İSRAİL İSLAM ÜNİVERSİTESİ
İsrail, Telaviv de 60 senedir eğitim veren bir üniversite var. Adı, İslam üniversitesi.
Bu üniversitede Kur’an, tefsir. Hadis, fıkıh, kelam, İslam tarihi ve ülkelerin örf ve adetleri gibi dersler okutulur.
Yahudiler, küçükten aldıkları Yahudi çocuklarını, Hoca kılığında yetişirler ve içimize salarlar.
Karşımıza sırtında cübbesi, başında sarığı, elinde üç 33'lük tesbihi olan bir adam çıkarsa, "Bu gerçek İslam alimi mi yoksa ajan mı?" bunu nasıl anlayacağız.
Bu adama bakarız. Eğer kendisi cihat ediyor, çevresindekilere de cihat tavsiye ediyorsa o bizim âlimimizdir. Yok, sadece abdest, namaz, namaz, oruç, hac ve umre diyorsa o adamdan uzak durmalıyız.
Elbette namaz, oruç, hac İslam’ın önemli ibadetleridir. Ancak cihat, bu İslam sarayının zirvesi dir.
Cihat, bir Müslümanın gerçek mi yoksa sahte mi olduğunun en önemli bir göstergesidir, adeta asitle bazı birbirinden ayıran turnusol kâğıdıdır.
Adam bizden fazla İSLAMI biliyor ve anlatıyor. Ama cihat etmiyor ve hatta yanındakileri cihat etmekten alıkoyuyorsa iyi bilinmelidir ki bu adamın ajan olma ihtimali çok yüksektir.
Çünkü bunlar, Müslümanlara cihat edin derlerse ucu kendi guruplarına dayanacaktır.

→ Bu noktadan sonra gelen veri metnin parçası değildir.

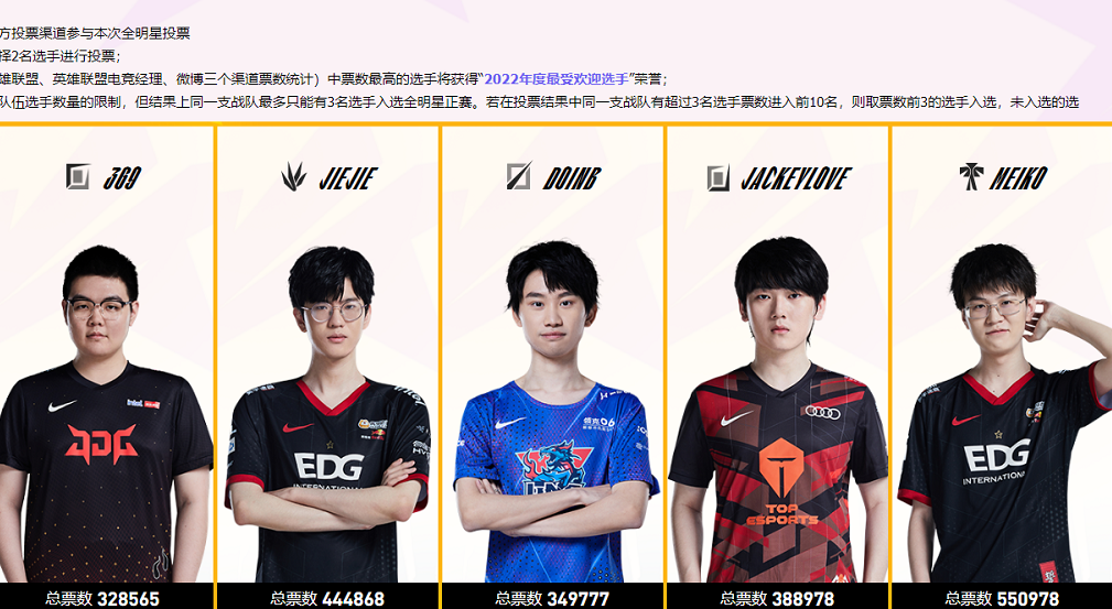 时至11月19日,对于热爱LPL赛事的玩家而言,11月下旬绝不枯燥,除了充满牵挂和话题度的2022LPL冬季转会期,另有竞逐剧烈的LPL全明星票选活动,多位LPL明星选手、官方讲授、主持人呼声居高不下,有望在12月开启的2022LPL全明星盛典捧杯,此中就有LOL天下冠军上单Theshy、缺席夏日赛的小狗Uzi、冠军中单Rookie、全能讲授管泽元,以及主持人余霜、小钰等等,好戏才刚开始。 纵观力气出众的LPL赛区,力气与人气兼具的一流选手不在少数,坐镇WBG上路的Theshy姜承録便是此中之一,加盟IG后,Theshy跟随队伍在S8环球总决赛大放异彩,接连击败KT、G2、FNC,捧起好汉同盟范畴最具含金量的LOL召唤师杯。 踏足天下赛,Theshy敢打敢拼,刀妹、杰斯、剑魔全部上演名局面,依附精致的利用和极具观赏性的赛场表现,Theshy成为了很多粉丝心中的最强上单,没有之一。 同样呼声高涨的LPL顶尖选手另有小狗Uzi,顶峰时期的Uzi极具打击性,多次共同小明在对线期打开局面,助RNG连夺LPL银龙杯、Msi金杯,而且摘得亚运会LOL演出赛金牌。 遗憾的是出道至今,Uzi未能在LOL环球总决赛取得好效果,回顾S12赛季,退役许久的Uzi公布复出,想要为S赛冠军再战一年,即便未能取得理想的效果,粉丝也盼望在LPL全明星盛典的舞台上,看到Uzi披挂上阵的身影。 据好汉同盟官方讲授,LPL全明星投票活动在11月23日下战书2点正式竣事,现在LPL全明星投票通道即将关闭,正赛阵容根本确定,可以看到Theshy姜承録总票数高出131万,傲居榜首,别的四位选手分别是RNG野王Wei、V5主力中单Rookie、前BLG下路小狗Uzi,以及前文提及的RNG小明。 在“掌盟”、WB票数全部领先的环境下,小狗Uzi为何屈居次席?对比Theshy、Uzi的票数布局,可以清楚地看到Theshy在“电竞司理端”的得票远超小狗Uzi,这是后者无缘榜首的直接缘故原由。 再看第二顺位,五个位置排名第二的LPL顶级选手包罗JDG上单369、EDG野王Jiejie、LNG主力中单Doinb、TES阿水Jackeylove,以及EDG队长兼主力辅助Meiko,在打野和辅助位置上,第一顺位选手、第二顺位选手之间的票数差距较小,留有牵挂。 末了看到的是LPL年度最受接待讲授、主持人评比,客观来说LPL年度最佳讲授已经失去牵挂,管泽元总票数突破100万,远超位居次席的LPL名流堂讲授米勒;另一边余霜、小钰难分伯仲,票数非常靠近。 正云云前所言,Theshy、小狗Uzi个人本事出众,且职业生存留下了太多高光时候,是2022LPL年度最受接待选手的有力图夺者,临时落伍的Uzi仍然有反超的大概性;另一边管泽元业务本事在线,且多栖发展,用临场表现赢得了万千LOL召唤师的认可,一骑绝尘也在情理之中。现在票选通道关闭在即,谁是你心中的年度最受接待选手、讲授、主持人? |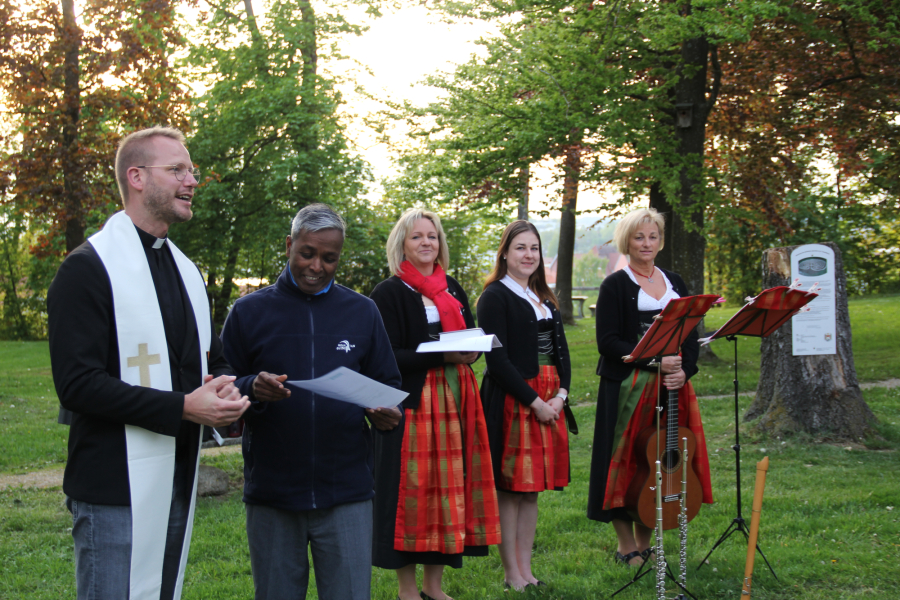 Der extra aus München angereiste Landes- und Diözesanpräses Christoph Wittmann konnte zusammen mit Pater Benjamin bei schönstem Wetter die Maiandacht unter freiem Himmel zelebrieren. Mitglieder der beiden Vereine lasen Texte und Gebete zum Thema „Blühendes Leben - Maria“.

Bizim vaizlerimiz de hükümete ters düşmekten korktukları için cihat edin dememektedirler. Bu vaiz efendiler, hükümetten korktukları kadar Allahtan korksalardı, Allah’ın cihat emrini gizlemezlerdi.
KUR'AN VE SÜNNET
Kur’an-ı Kerim, Saff suresi 10 ve 11. Ayetlerde "Ey iman edenler, sizi elim (dünya ve ahirette) azaptan kurtaracak bir ticareti göstereyim mi? Allah ve Resulüne iman edersiniz. Mallarınız ve canlarınızla da cihad edersiniz. Eğer bilirseniz bu sizin için çok hayırlıdır" buyurmaktadır.
Hiçbir Müslüman ben cihat etmem diyemez. Çünkü cihad etmeyen Müslümanı, dünya ve ahirette çok acıklı bir ceza beklemektedir.
Hâlbuki bu dinin Peygamberi, Medine döneminde bizzat cihat ve gaza ederek bizlere örnek olmuştur.
Peygamberimiz: “Benden sonra size iki emanet bırakıyorum. Bunlara uyarsanız yolunuzu şaşırmazsınız. Bunlar, Kur’a-ı Kerim ve benim sünnetimdir." buyurmuştur.